Une étude clinique récente a confirmé que les AUT peuvent avoir un impact profond sur de nombreux processus biologiques, indépendamment de la quantité de calories ingérées. Les participants qui ont consommé une alimentation riche en AUT pendant seulement trois semaines ont pris du poids plus rapidement, principalement en masse graisseuse, et ont vu leur santé cardio-métabolique se dégrader.

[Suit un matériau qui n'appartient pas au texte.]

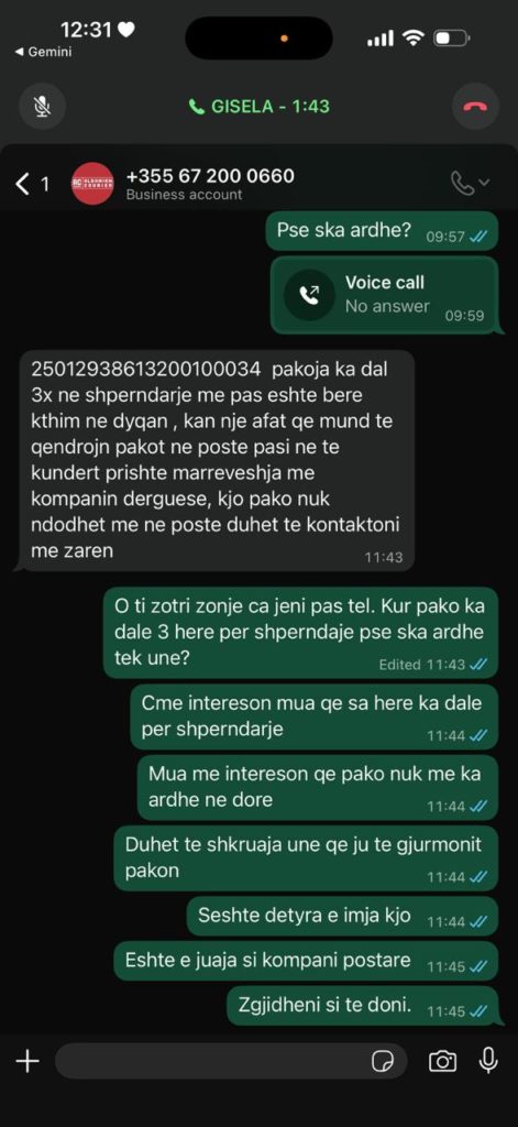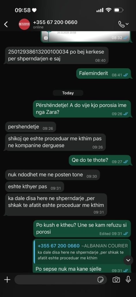 Qytetari thekson se nuk është kontaktuar në mënyrë të rregullt nga korrierët dhe se nuk i është dhënë një shpjegim i qartë mbi arsyet e mosdorëzimit të porosisë. Në bisedat me përfaqësues të shërbimit ndaj klientit, ai pretendon se ka marrë përgjigje kontradiktore, ndërkohë që problemi ka mbetur i pazgjidhur dhe porosia nuk i është dorëzuar as pas disa tentativave të deklaruara nga kompania.
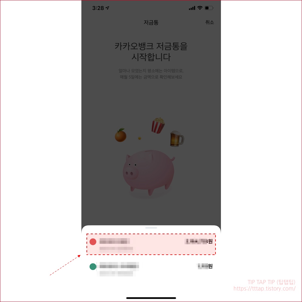 ▼ 5. 해당 저금통 기능을 사용할 계좌를 선택합니다.
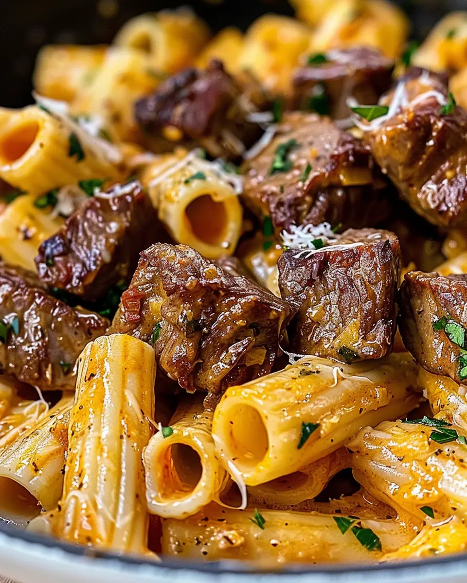 PrintCajun Steak Tips in Cheesy Rigatoni Parmesan Sauce: A Comforting Delight
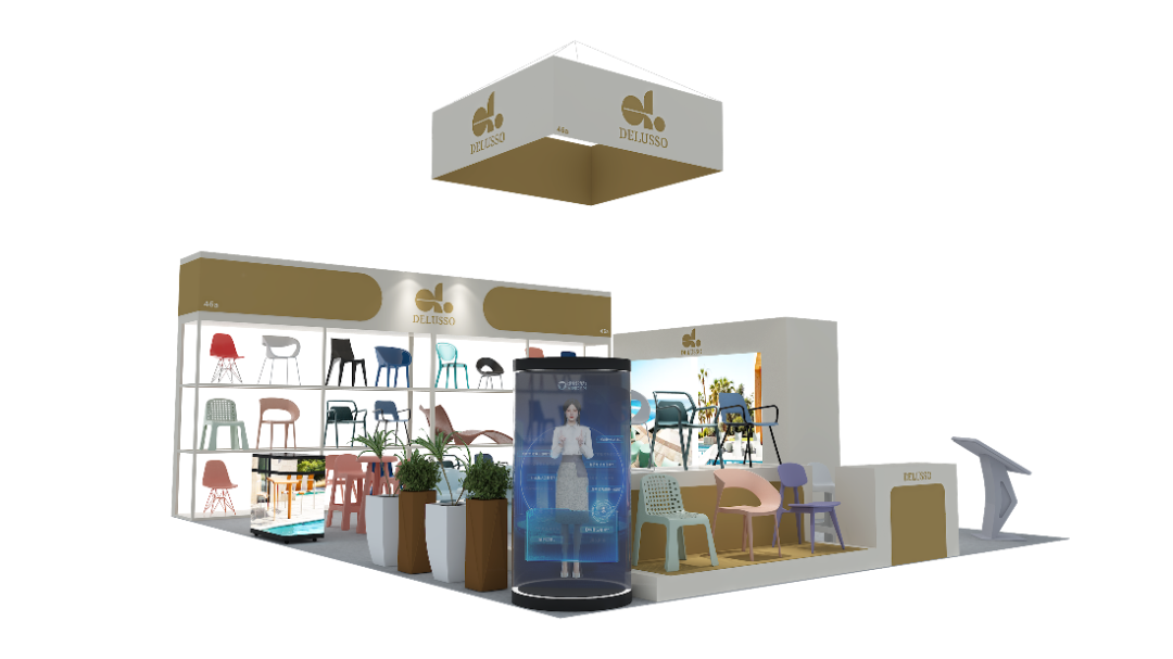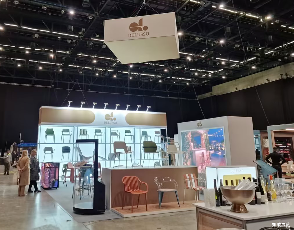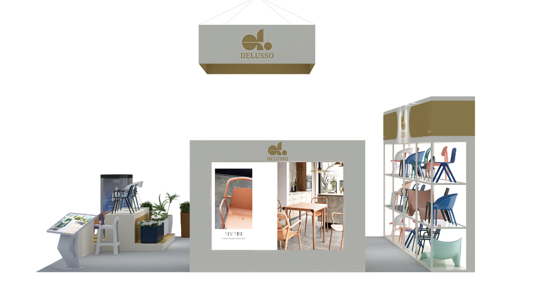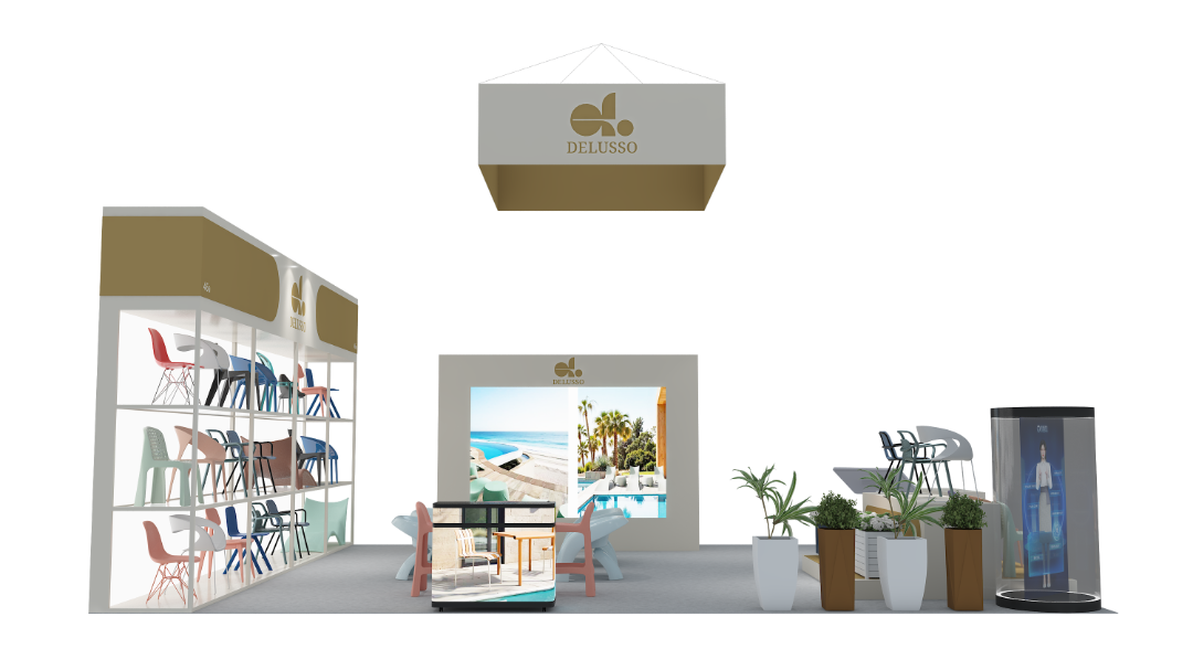在此次展会期间,如歌展览主要负责DELUSSO公司的展台设计及搭建一站式服务工作。本次展位设计以 “轻量可持续・场景化体验”为核心创意,深度契合布达佩斯花园博览会「户外生活、园艺美学」的展会主题,同时践行绿色环保的参展理念。以品牌标志性的米白 + 暖金为主色调,打造简约高级的视觉基调,既凸显 DELUSSO 品牌的轻奢质感,又与户外花园的自然氛围完美融合;以「开放式通透展陈 + 沉浸式场景」为创意载体,将多彩休闲椅产品以「分层陈列 + 场景还原」的方式呈现,让观众直观感受产品在真实户外 / 家居场景中的应用效果;融入数字互动与自然绿植元素,打造「产品展示 + 商务洽谈 + 品牌体验」三位一体的空间,既满足 B2B 商贸需求,又契合园艺展的休闲属性,强化品牌在中东欧市场的专业形象。

Face à ces constats, des experts de la santé publique appellent à des mesures pour réduire la consommation d'AUT, telles que le renforcement de l'information du public, la mise en place de systèmes d'étiquetage obligatoire, la taxation des aliments les plus nocifs et la restriction de la publicité pour les produits ultra-transformés.
Scandale aux Pays-Bas : L'Ammoniac au Service de la Couleur Noire
La fabrication des Oreo a récemment été entachée par un scandale environnemental aux Pays-Bas. Le journal néerlandais Noordhollands Dagbla a révélé que l'usine de cacao de l'entreprise Olam, qui fournit le cacao pour les Oreo, utilise d'importantes quantités d'ammoniac dans un procédé industriel visant à donner aux biscuits leur couleur noire si caractéristique.
L'ammoniac est un composé toxique qui, en plus de polluer l'environnement, peut avoir des effets néfastes sur la santé. Des militants écologistes et des riverains se plaignent depuis des années de l'odeur des rejets de l'usine d'Olam causés par l'ammoniac.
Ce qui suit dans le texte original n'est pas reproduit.